Change point detection is a popular tool for identifying locations in a data sequence where an abrupt change occurs in the data distribution and has been widely studied for Euclidean data. Modern data very often is non-Euclidean, for example, distribution valued data or network data. Change point detection is a challenging problem when the underlying data space is a metric space where one does not have basic algebraic operations like addition of the data points and scalar multiplication. 

 
In this talk, I propose a method to infer the presence and location of change points in the distribution of a sequence of independent data taking values in a general metric space. Change points are viewed as locations at which the distribution of the data sequence changes abruptly in terms of either its Fr´echet mean or Fréchet variance or both. The proposed method is based on comparisons of Fréchet variances before and after putative change point locations. First, I will establish that under the null hypothesis of no change point the limit distribution of the proposed scan function is the square of a standardized Brownian Bridge. It is well known that such convergence is rather slow in moderate to high dimensions. For more accurate results in finite sample applications, I will provide a theoretically justified bootstrap-based scheme for testing the presence of change points. Next, I will show that when a change point exists, (1) the proposed test is consistent under contiguous alternatives and (2) the estimated location of the change point is consistent. All of the above results hold for a broad class of metric spaces under mild entropy conditions. Examples include the space of univariate probability distributions and the space of graph Laplacians for networks. I will illustrate the efficacy of the proposed approach in empirical studies and in real-data applications with sequences of maternal fertility distributions. Finally, I will talk about some future extensions and other related research directions, for instance, when one has samples of dynamic metric space data. 
 
This talk is based on joint work with Professor Hans-Georg Müller.
Date and Time: 
Tuesday, February 4, 2020 - 4:00pm
Venue: 
Sloan Mathematics Center, Room 380C

Statistics Department Seminar welcomes Sourav Chatterjee

Topic: 
Feature Ordering by Conditional Independence
Abstract / Description: 

I will talk about a coefficient of conditional dependence between two random variables Y and Z given a set of other variables X1, . . . , Xp, based on an i.i.d. sample. The coefficient has a long list of desirable properties, the most important of which is that under absolutely no distributional assumptions, it converges to a limit in [0, 1], where the limit is 0 if and only if Y and Z are conditionally independent given X1, . . . , Xp, and is 1 if and only if Y is equal to a measurable function of Z given X1, . . . , Xp. I will then present a new variable selection algorithm based on this statistic, called Feature Ordering by Conditional Independence (FOCI), which is model-free, has no tuning parameters, and is provably consistent under sparsity assumptions.

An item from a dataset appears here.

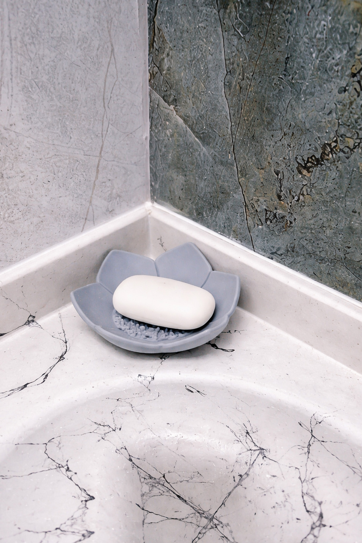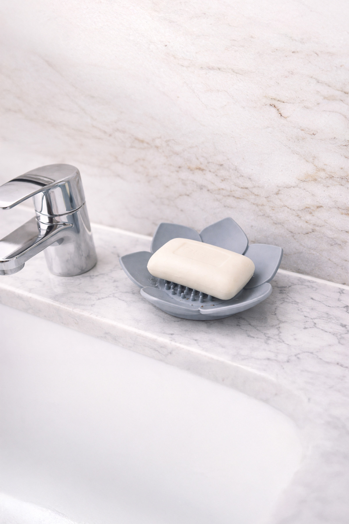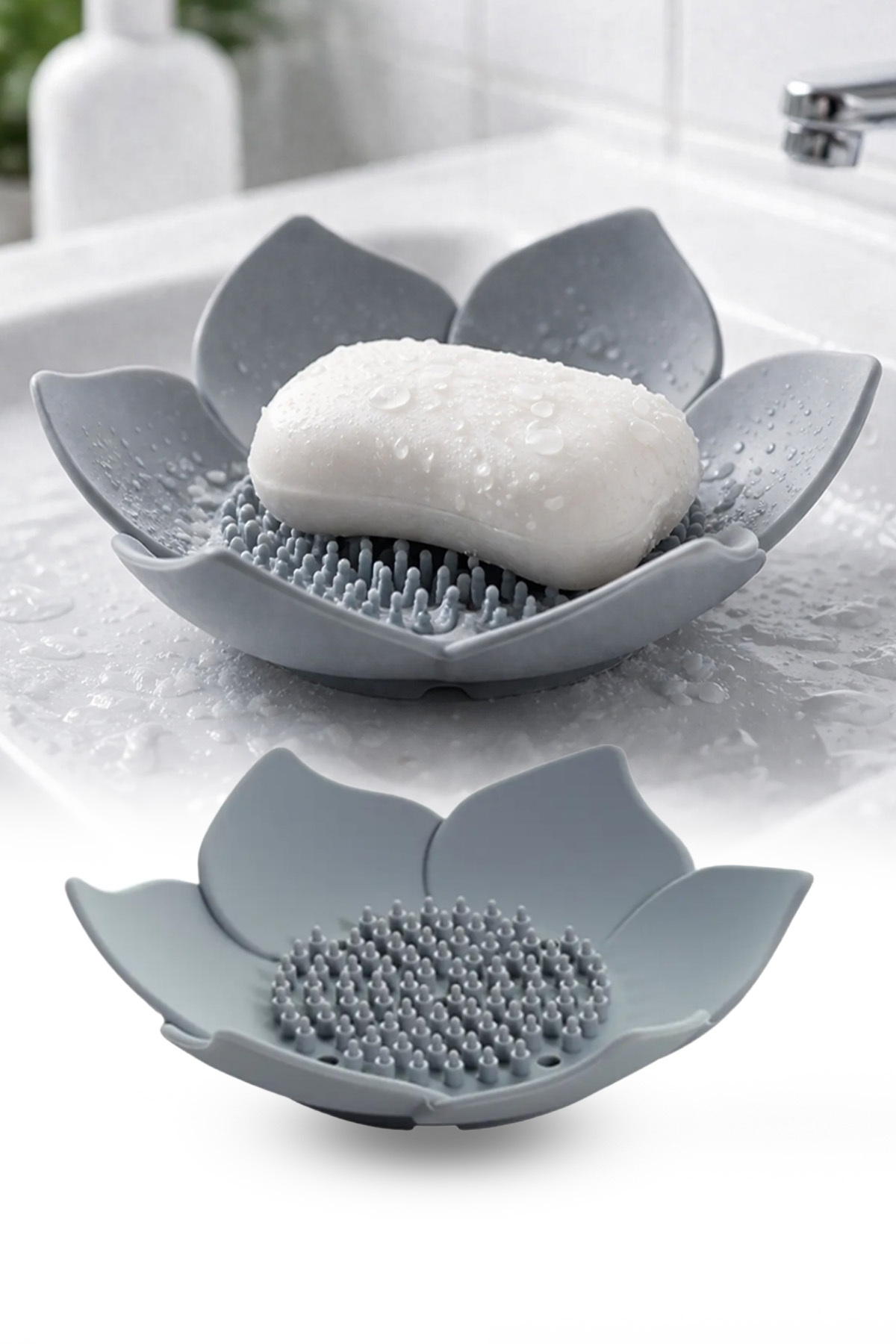 omilife 2Pcs Lotus Patterned Soap And Sponge Holder Silicone (GRAY) Lotus Stylish Solid Soap with Water Drain | ByTR

This is based on joint work with Mona Azadkia


The Statistics Seminars for Winter Quarter will be held in Room 380C of Sloan Mathematics Center in the Main Quad at 4:30pm on Tuesdays. Refreshments are served at 4pm in the Lounge on the first floor of Sequoia Hall.

Date and Time: 
Tuesday, February 25, 2020 - 4:30pm
Venue: 
Sloan Mathematics Center, Room 380C

Statistics Department Seminar presents "Causal learning: Excursions in double robustness"

Topic: 
Causal learning: Excursions in double robustness
Abstract / Description: 

Recent progress in machine learning provides many potentially effective tools to learn estimates or make predictions from datasets of ever-increasing sizes. Can we trust such tools in clinical and highly-sensitive systems? If a learning algorithm predicts an effect of a new policy to be positive, what guarantees do we have concerning the accuracy of this prediction? The talk introduces new statistical ideas to ensure that the learned estimates satisfy some fundamental properties: especially causality and robustness. The talk will discuss potential connections and departures between causality and robustness.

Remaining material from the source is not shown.